As President Obama began his term, he turned to Keynesian economics to restore national health and put people back to work. And now, with some Republican support, President Biden has laid the foundation for increased employment with good-paying jobs. His infrastructure package will build and repair deteriorating bridges, highways, water systems, etc.
Joe Biden’s version of Keynesian economics has already created 13 million jobs since he took office. Money in the pockets of all those workers will trigger the ripple effect and give a giant boost to the economy three times over.
In summary, supply-side economics asserts that if industry and investors have more money through reduced taxes and poor labor standards, they will invest their money and produce more. Then everybody will benefit. This is called the “trickle-down theory,” and it does not work.
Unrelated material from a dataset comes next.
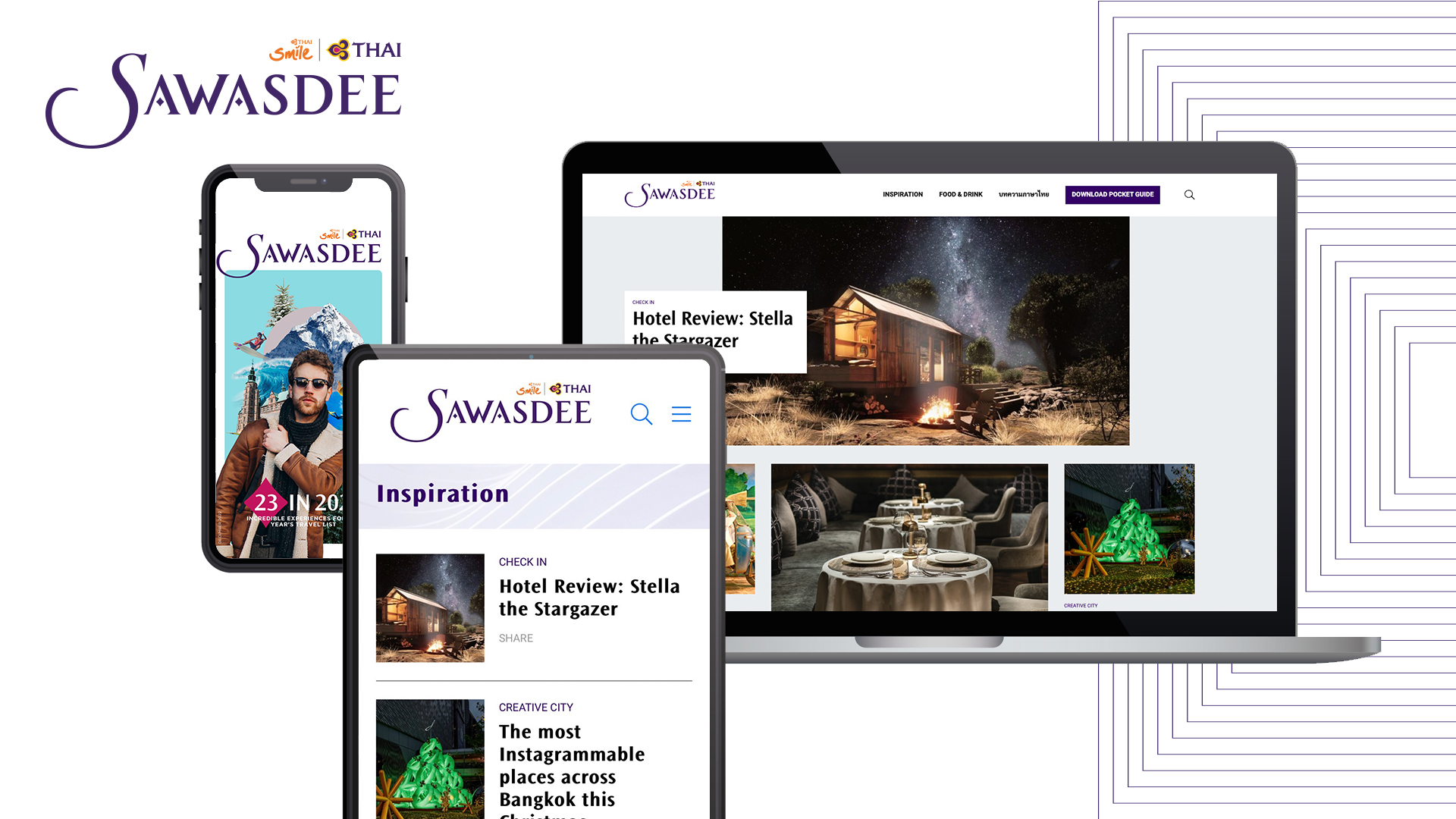โดยแพลตฟอร์มแรกที่เขาเปิดตัวมาในปลายปีนี้ภายใต้งานเปิดตัวในชื่อ Gateway to The Magical Journey คือสิ่งที่เรียกว่า Sawasdee Website มองรวม ๆ อาจจะเป็นแค่หน้าเว็บในรูปโฉมใหม่ แต่ครั้งนี้การบินไทยเขาตั้งใจให้เว็บไซต์นี้เป็นศูนย์รวมแห่ง Lifestyle Hub โดยเฉพาะสำหรับนักเดินทางที่อยากหาคอนเทนต์และข้อมูลด้านการท่องเที่ยวเพื่อเตรียมพร้อมสำหรับวางแผนการเดินทาง และสำรวจ Destination รอบโลกที่การบินไทยมีรูทบินตรง รวมถึง Sawasdee Pocket Guide ในรูปแบบ PDF ไฟล์ ที่เราสามารถดาวน์โหลดไว้อ่าน และติดตามอัปเดตได้ตลอดทุกเดือนผ่านเว็บไซต์ www.sawasdee.thaiairways.com ซึ่งก็ถือว่าเป็นก้าวใหม่ที่ทันโลกกว่ายุคก่อนหลายสเต็ป

Poorly paid and laid-off workers create little demand. Corporations will not produce because they don’t want warehouse shelves filled with unsold goods. They lay off more workers, reducing demand and creating a spiral that brings recession or depression. Instead of investment and expansion, they take their tax cuts abroad. The same with wealthy individuals. Former presidential candidate Mitt Romney keeps his money in the Cayman Islands.
The moral question is whether our economy should benefit all of us or only the wealthy and big corporations. Science says Keynesian economics, with government regulation and investment, is the moral choice.